Review: Phoebe Bridgers — Punisher

Kornchaphat Piyatakoolkan
3 min readApr 12, 2023

--

Phoebe Bridgers is a rising star with much potential to sober up the lairy mainstream crowd. Once a “Stranger in the Alp” (pun intended), she went full solo and made some noise in the backseat with heavily-playlisted singles like “Motion Sickness” and “Smoke Signals.” Witty and raw in describing how her writing prowess goes, she also has an eye for aesthetics that feel timeless and cult-worthy. Seen on the cover of her sophomore record “Punisher” is an eerie image of Bridgers in the skeleton onesie looking into a beam of red light up above, flashing outright anticipation of recurring themes of death and supernaturalism in the eleven-chapter story. These deliver stunning results. “Punisher” ticks all the boxes of modern-day poetry and has you embarking on an emotional journey — sometimes ambivalent yet easy to feel sympathy for — with no warning.

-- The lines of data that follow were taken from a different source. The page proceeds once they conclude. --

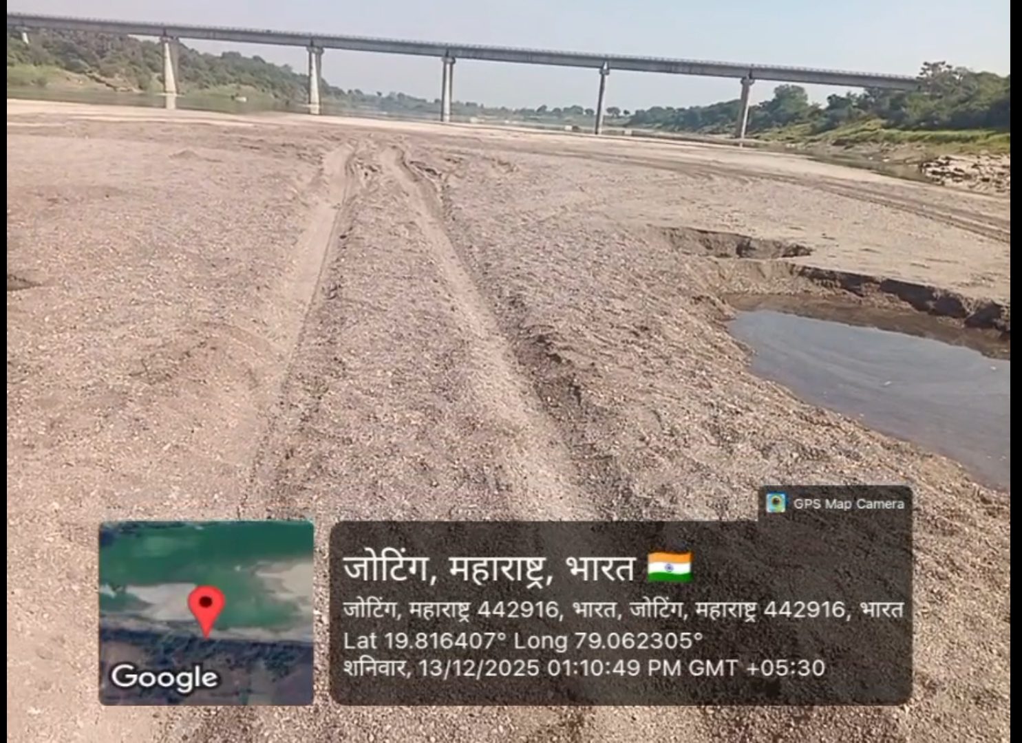 हनुमंत पेंदोर यांच्या शेतातून नदीपात्रात जाण्यासाठी बनविला रस्ता रेती तस्करीसाठी हनुमंत पेंदोर यांच्या शेतातून थेट नदीपात्रात जाण्याकरिता बेकायदेशीर रस्ता तयार करण्यात आला आहे. या रस्त्यावरून अवजड वाहने सातत्याने नदीपात्रात प्रवेश करत असून नदीपात्रातून मोठ्या प्रमाणात रेतीची उचल केली जात आहे .
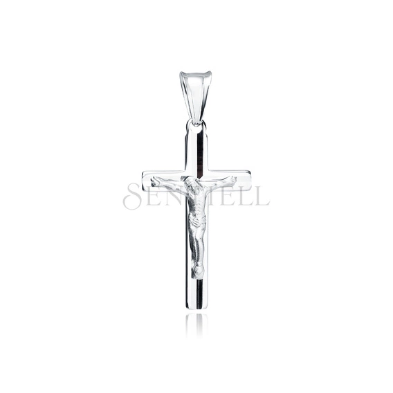 Zawieszka w formie dużego krzyżyka wykonana ze srebra próby 925 i pokryta powłoką rodu ma wymiary 45 x 21 mm oraz wagę ok. 2,4 g. Ramiona posiadają gładki, polerowany front z subtelnym liniowym diamentowaniem biegnącym wzdłuż osi krzyżyka. Centralnie umieszczona jest reliefowa sylwetka Chrystusa osadzona na jednolitym tle. Profil krzyża jest prosty i symetryczny, z lekko zaokrąglonymi krawędziami. Górna zawieszka o zwężającym się kształcie umożliwia montaż na mocniejszych łańcuszkach jubilerskich.
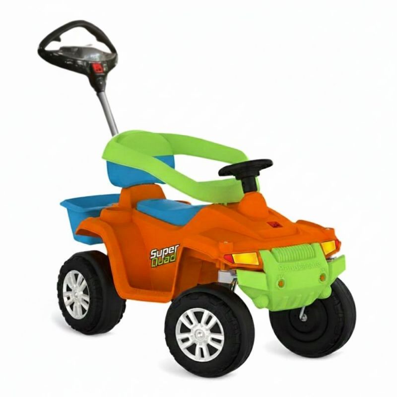 El SuperQuad es un producto versátil diseñado para niños a partir de los 12 meses, brindando una experiencia divertida y segura tanto para los pequeños como para los adultos que lo conducen. Con una barra de empuje removible, soporte para botellas, y un cercado de protección interactivo, este vehículo ofrece comodidad y seguridad. Sus materiales resistentes y detalles pensados para el confort del niño, como el respaldo elevado y los reposapiés, lo convierten en una excelente opción para el desarrollo infantil.
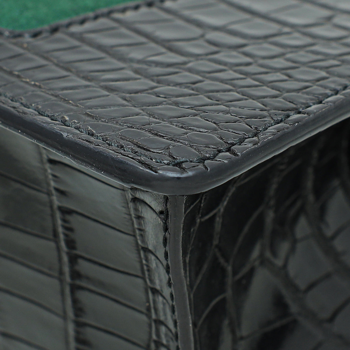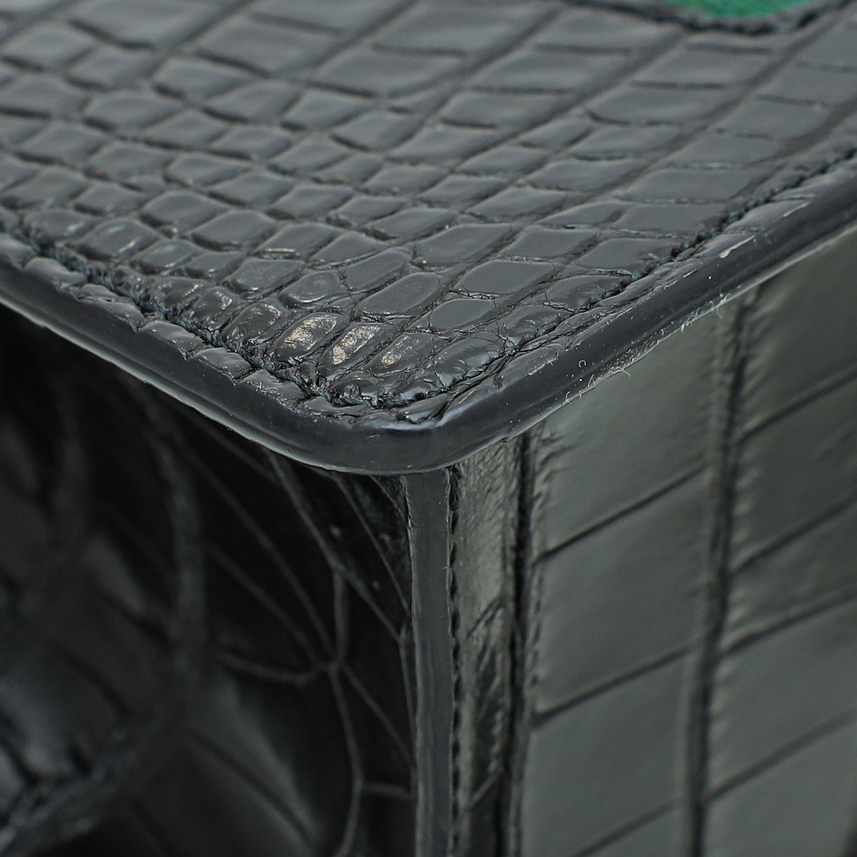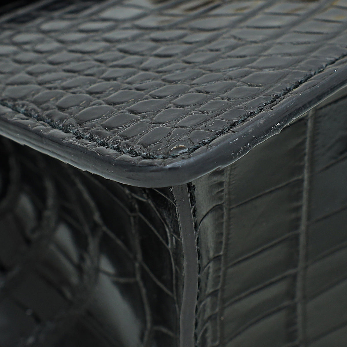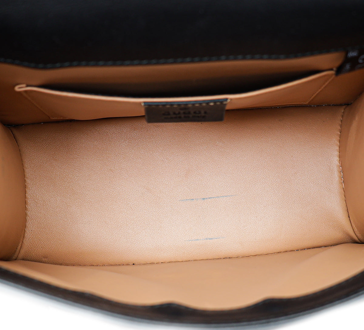 Gucci Shiny Black Alligator Sylvie Mini Top Handle Bag

Setting the tone with the haunting “DVD Menu,” just like a nostalgic background music loop on an actual DVD menu, it gracefully fades into “Garden Song.” Brimful of coming-of-age scenes scattering around the freezing floor, they are glazed or lost. In the end, Bridgers picks up all the pieces together, singing “I have everything I wanted.” It is a song about redemption in spite of all the bad and regrets that you have got. Similarly, on the horn-prominent indie-rock banger “Kyoto,” which is surmised to be about the toxic relationship with her father, Bridgers has two contradictory feelings towards him. “I wanted to see the world / Through your eyes until it happened / Then I changed my mind / Guess I lied,” she sings. Bridgers is known for her dark humour, and in this super catchy tune she spares no exception: “I’m gonna kill you / If you don’t beat me to it.” The track “Halloween,” a festive shout-out to a past relationship, draws another obvious example: “I hate living by the hospital / The sirens go all night / I used to joke that if they woke you up / Somebody better be dying.”

Bridgers places hope and despair on a centerfold in downbeat tearjerkers like “ICU,” “Chinese Satellite,” and “Moon Song.” The latter, specifically, houses the most glass-cutting, evocative lyrics on “Punisher”: “You couldn’t have / Stuck your tongue down the throat of somebody / Who loves you more / So I will wait for the next time you want me / Like a dog with a bird at your door.” Likewise, “Savior Complex” and “Graceland Too” juxtapose damage with repair, keeping you warm like a therapeutic hug. “All the skeletons you hide / Show me yours, and I’ll show you mine,” Bridgers sings on “Savior Complex” as a classic guitar strum gently consorts with a sorrowful string arrangement.

The title track finds Bridgers paying tribute to Elliot Smith, her biggest inspiration in music. Playing some crazed stalker who is “a copycat killer with a chemical cut,” the fact that this is not bluntly basked in a straight-up fangirl mood makes it sound novel and more appreciative. Yet, the most unexpectedly intriguing moment evinces on “I Know the End,” an all-said-into-summary closure, where Bridgers reloads the stream of consciousness as she imagines an imminent apocalypse. “The end is here,” she sings before letting out a barrage of hardcore punk screams, to sign her existence off.

Although “Punisher” does not thrive, sonically or lyrically, in its originality, Phoebe Bridgers herself is at her own league. It is such a stripped output with rather an intricate input. And that is what makes this record intelligent and super-effective.